When I walked in my front door, my mom didn’t seem to notice it had taken me an extra long time to return from the bus stop. I didn’t dare mention the orchard proposition to her or to my dad when he got home. They had always seemed to avoid and distrust Mrs. Nelson. Somehow she had singled me out as the one person in our family she would talk to, but only if she caught me walking along the dirt road past her house. Since I knew her better than anyone and I’d be doing all the work, I felt like I could make a decision about the orchard on my own. The idea made me feel anxious but grown-up. By the time dinner rolled around, I had convinced myself that the smartest thing to do was to ignore Mrs. Nelson and let her plan fade away. It seemed like just a crazy impulse she’d had, anyway.

My family sat down to eat with my mom and dad at either end of the table and my two little sisters sitting across from me. Dad had on the usual worn-down expression he wore after work, and he was still wearing his denim work shirt. My mom pointed out two of his favorite dishes—scalloped potatoes and pot roast—and then began cheerfully filling up plates. Dad grunted his appreciation.

"I stopped by the scrap yard on the way home," Dad announced after taking a few bites. "Talked with ol’ Slim Nickles. He says he gets really busy during the summer and needs extra help. Just manual labor kinds of things, no skills required. I told him I had a son who didn’t have any skills but could probably haul things around. Slim said we could stop by and he’d look you over." Dad finished by pointing his fork at me.

I let my fork drop on my plate and my mouth hang open. The scrap yard was on the side of the highway Dad took to work, and he loved stopping in and searching through the mounds of metallic junk. He’d stop in on Saturdays, too, and drag me along. I couldn’t stand the place. It was filthy and smelled like burning rubber. And Slim Nickles was the biggest jerk I’d ever met. He was usually covered in grease and had a wide red face and a huge gut. He yelled every word he said and loved to intimidate people. The one time he’d noticed me, he warned me to keep my hands in my pockets or he’d snap them off.

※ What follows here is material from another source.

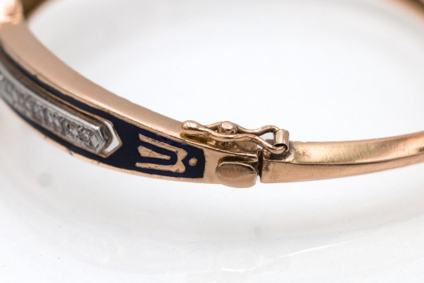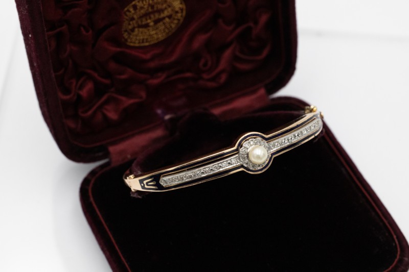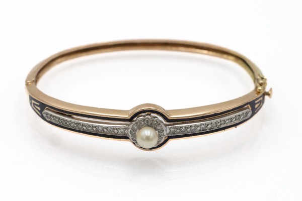 Antikes Goldarmband mit Diamanten und Perle, verziert mit Emaille.
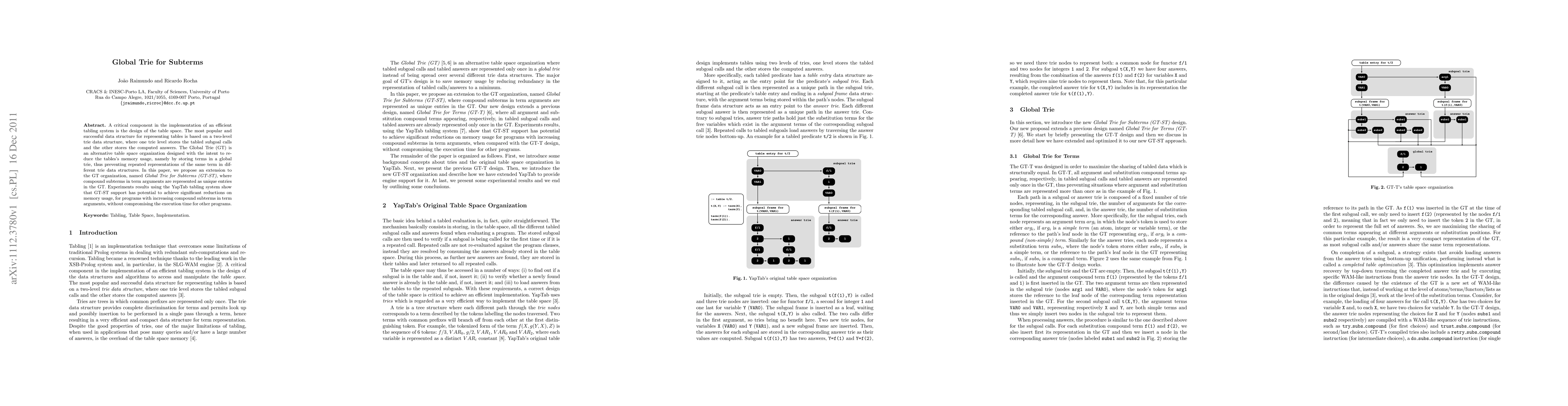 The paper proposes the Global Trie for Subterms (GT-ST) to optimize the memory usage of tabling systems by representing compound subterms as unique entries in a global trie. Experimental results using YapTab indicate that GT-ST can significantly reduce memory usage for programs with many compound subterms without affecting execution time for other programs.

Before any sounds of protest could come from my mouth, Mom spoke up. "He’s only thirteen. Are you sure he’s old enough to have a job?"

"He’ll be fourteen this summer. When I was fourteen, I was working as much as a grown man, maybe more," replied Dad, his voice getting louder.

Mom rolled her eyes. "Are you sure that’s going to be a safe place for a boy to work?"

"It’ll be safe enough. As long as he’s not just sitting around the house like last summer. Any more of that and he’ll be a freeloader the rest of his life."

"Oh, Dan," Mom said. "Don’t sound so mean. You’re going to give your own son a complex."

"I’m just trying to do what’s best for him. My dad never let me just lay around."

"I’d be happy to have a job," I broke in, "but does it have to be at the scrap yard?"

"I don’t care where it is, but you’ll have to find someone who’ll hire a fourteen-year-old. Slim’s the only one I know."

The orchard popped into my head, but I didn’t want to say anything about it. My mind raced through other potential employers anywhere near my house. "What about that snow-cone stand by the school?"

"That guy’s got all his kids working there. Nah, this weekend we’ll go talk to Slim and get things lined up."

I stayed quiet the rest of dinner, stewing about the scrap yard. If I put up a big fight and refused to go, my dad would make life at home miserable. And if I went along with him, Slim would be more than happy to make my time away from home miserable. Either way, I was bound to be miserable. I had to find something else, almost anything else.